** TASK STATEMENT **
Leaving the pictures out, print the lines from the first line of the listing through the line containing "This banner template", exactly as they read, and no others.

** PROVIDED ENTRIES **
* * * *

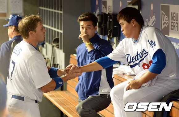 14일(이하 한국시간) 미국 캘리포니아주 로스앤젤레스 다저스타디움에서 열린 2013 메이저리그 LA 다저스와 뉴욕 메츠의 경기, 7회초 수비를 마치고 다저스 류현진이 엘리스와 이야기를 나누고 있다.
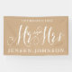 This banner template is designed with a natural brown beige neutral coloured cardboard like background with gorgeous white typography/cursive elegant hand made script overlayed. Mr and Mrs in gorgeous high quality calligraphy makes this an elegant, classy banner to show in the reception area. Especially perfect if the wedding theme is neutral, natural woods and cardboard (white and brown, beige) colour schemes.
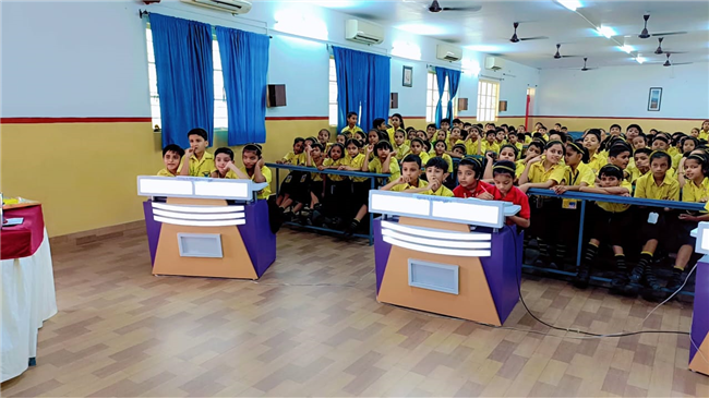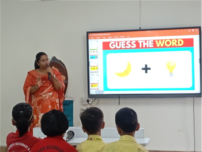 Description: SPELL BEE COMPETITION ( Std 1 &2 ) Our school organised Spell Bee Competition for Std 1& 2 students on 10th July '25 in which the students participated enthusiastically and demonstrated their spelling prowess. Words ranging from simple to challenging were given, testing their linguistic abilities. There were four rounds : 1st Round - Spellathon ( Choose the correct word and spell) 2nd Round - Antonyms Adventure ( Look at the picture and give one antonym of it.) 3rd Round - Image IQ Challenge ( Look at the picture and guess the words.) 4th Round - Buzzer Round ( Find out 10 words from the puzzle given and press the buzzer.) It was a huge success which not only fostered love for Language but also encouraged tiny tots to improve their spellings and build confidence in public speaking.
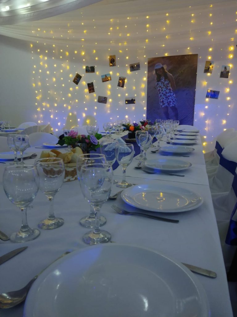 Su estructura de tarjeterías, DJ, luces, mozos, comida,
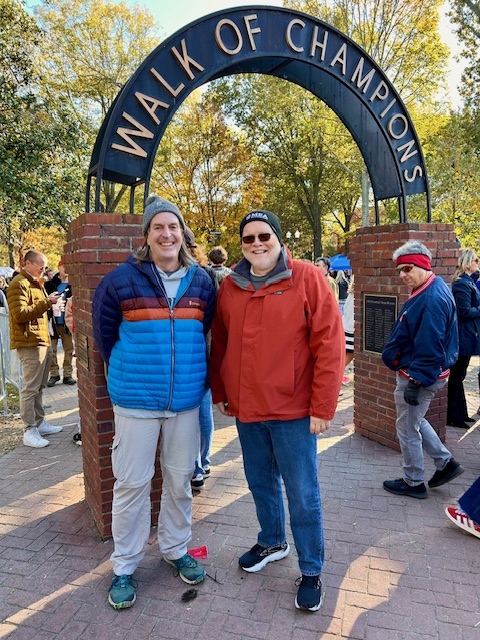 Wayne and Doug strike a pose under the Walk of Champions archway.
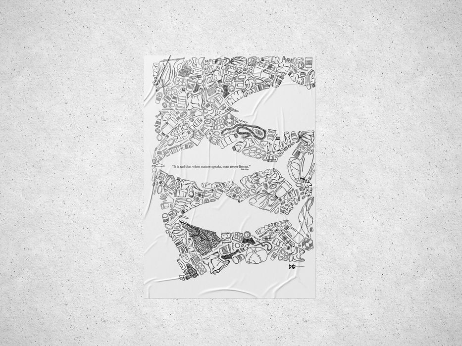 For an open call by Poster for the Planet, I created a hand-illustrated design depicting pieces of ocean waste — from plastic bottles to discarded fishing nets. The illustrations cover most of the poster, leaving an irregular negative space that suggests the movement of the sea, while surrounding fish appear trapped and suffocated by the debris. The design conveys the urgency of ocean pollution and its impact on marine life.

* * * *

** WRITTEN REPLY **
 14일(이하 한국시간) 미국 캘리포니아주 로스앤젤레스 다저스타디움에서 열린 2013 메이저리그 LA 다저스와 뉴욕 메츠의 경기, 7회초 수비를 마치고 다저스 류현진이 엘리스와 이야기를 나누고 있다.
 This banner template is designed with a natural brown beige neutral coloured cardboard like background with gorgeous white typography/cursive elegant hand made script overlayed. Mr and Mrs in gorgeous high quality calligraphy makes this an elegant, classy banner to show in the reception area. Especially perfect if the wedding theme is neutral, natural woods and cardboard (white and brown, beige) colour schemes.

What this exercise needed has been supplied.